Key words: temperature; phenology; productivity; relative humidity; genotypes

INTRODUCTION

Globally, the cultivation of soybeans (Glycine max (L.) Merrill) is one of the most important due to the high oil and protein content of the grain 1. Some studies show that the overall rate of yield increase in this crop will need to almost double to meet the population demands forecast for 2050, so various factors can influence yield gains over time 2.

It has recently been shown that the causes for soybean performance improvement are based on the inclusion of changes in management practices, genetic improvement, and environmental conditions 3, not to mention that the estimates of a high performance will often result in large gaps, with a considerable probability that it is not economical or sustainable 4.

In this sense, previous studies affirmed that meteorological variables such as temperature, solar radiation, rainfall and relative humidity, cause a direct effect on growth and yield in soybean cultivation 5,6. The planting date has also been widely evaluated in different environments, considering it, one of the least expensive production decisions, while having a greater influence on yield than any other management practice 7.

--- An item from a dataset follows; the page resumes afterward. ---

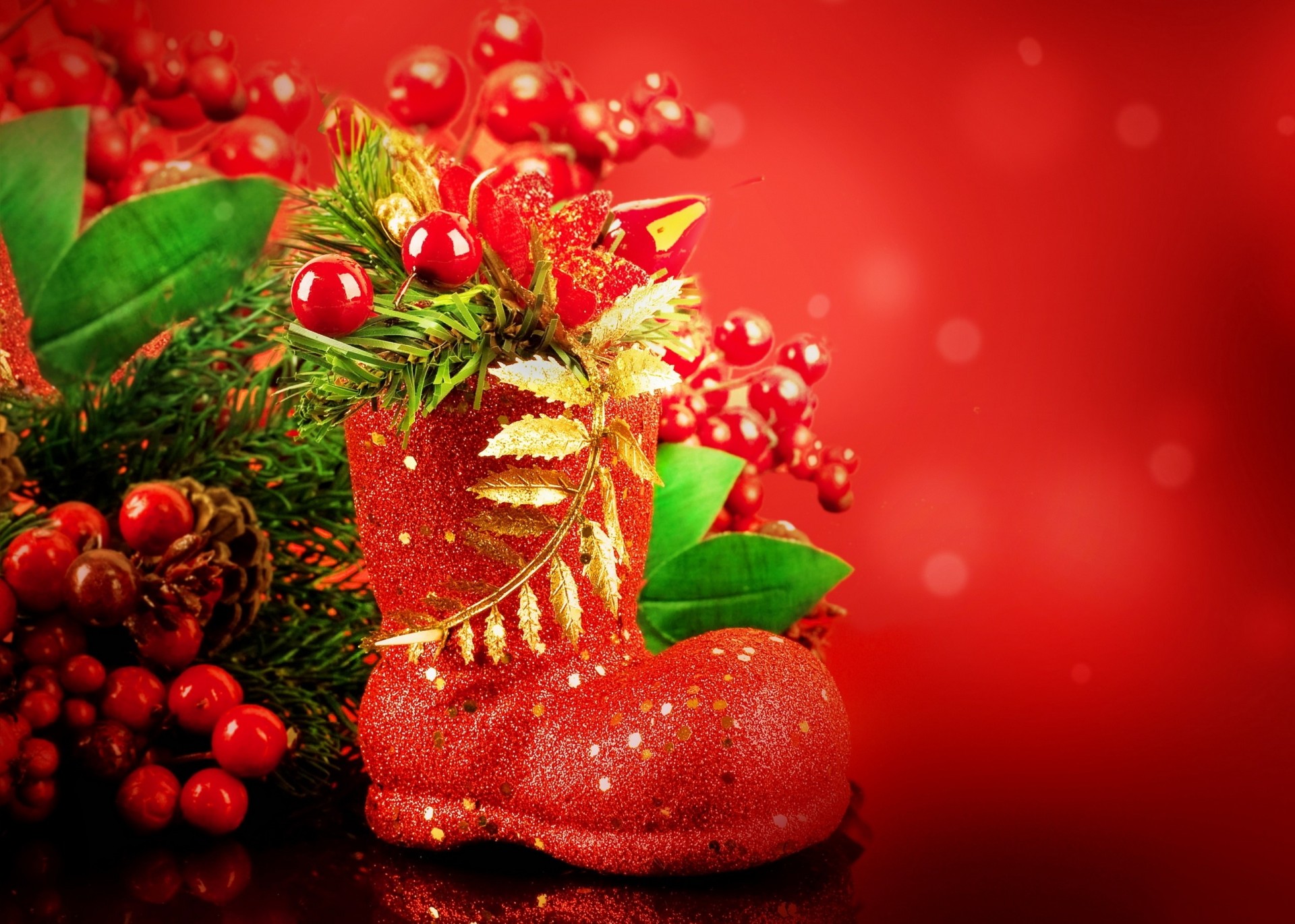 Composition festive de baies en botte rouge

On the other hand, the importance of yield has been described as the result of a process of agricultural activities carried out throughout the crop development cycle, so it is important to know its phenology, the possible duration of the different phases or stages and their potential problems and fundamental needs 8. Some results have shown that the large seasonal change in environmental conditions can have considerable effects on yields, to which the response capacity of the plant's production processes is different depending on the stage of development 1.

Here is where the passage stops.